▶ _YOUR ASSIGNMENT_: A faithful copy is required. Print each line of the data exactly and omit the pictures.

▶ _RECORDED DATA_:

———

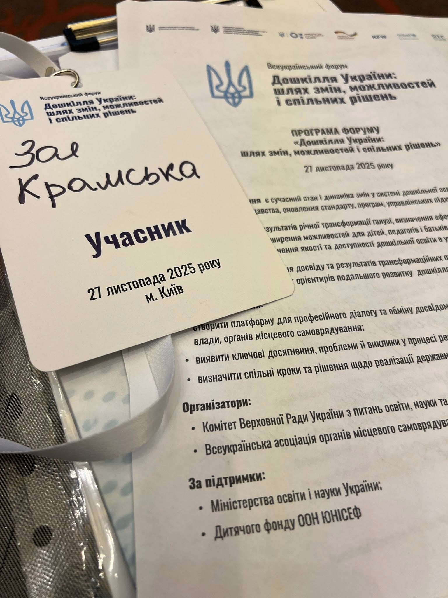 Участь у панельній дискусії «Підвищення якості дошкільної освіти» на Всеукраїнському форумі «Дошкілля України: шлях змін, можливостей і спільних рішень». 27.11.2025 року м.Київ. Детальніше
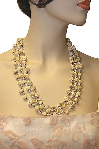 Ball and loop closure. Hand tied necklace made from rope threading and plastic beads. Contains three strands with beads that are hand tied in their individual slots. Total length measures 25 inches; drop length measures 13 inches.
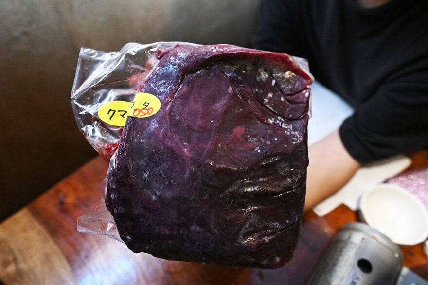 ちなみに駆除されたクマは体長2メートル10センチ、前足の幅が20センチ、推定体重は330キロだった。駆除直後に「でかいクマが捕れたよ」と業者から連絡を受けた林さんは、いつも通り「炭火焼用」と「オハウ(鍋)用」の部位を発注。「ヒグマは脂身のある〝ロース〟が一番うまいんですが、300キロを超えるような大きな個体だと、ロースはスジが入って固くなりやすい。〝OSO〟だとは知りませんでしたが『でかいクマだ』ということだったので、今回は巨体でも柔らかい〝内モモ〟を一頭分と〝肩ロース〟合わせて7キロほど仕入れました」

———

▶ _RESPONSE TO THE TASK_:
 Участь у панельній дискусії «Підвищення якості дошкільної освіти» на Всеукраїнському форумі «Дошкілля України: шлях змін, можливостей і спільних рішень». 27.11.2025 року м.Київ. Детальніше
 Ball and loop closure. Hand tied necklace made from rope threading and plastic beads. Contains three strands with beads that are hand tied in their individual slots. Total length measures 25 inches; drop length measures 13 inches.
 ちなみに駆除されたクマは体長2メートル10センチ、前足の幅が20センチ、推定体重は330キロだった。駆除直後に「でかいクマが捕れたよ」と業者から連絡を受けた林さんは、いつも通り「炭火焼用」と「オハウ(鍋)用」の部位を発注。「ヒグマは脂身のある〝ロース〟が一番うまいんですが、300キロを超えるような大きな個体だと、ロースはスジが入って固くなりやすい。〝OSO〟だとは知りませんでしたが『でかいクマだ』ということだったので、今回は巨体でも柔らかい〝内モモ〟を一頭分と〝肩ロース〟合わせて7キロほど仕入れました」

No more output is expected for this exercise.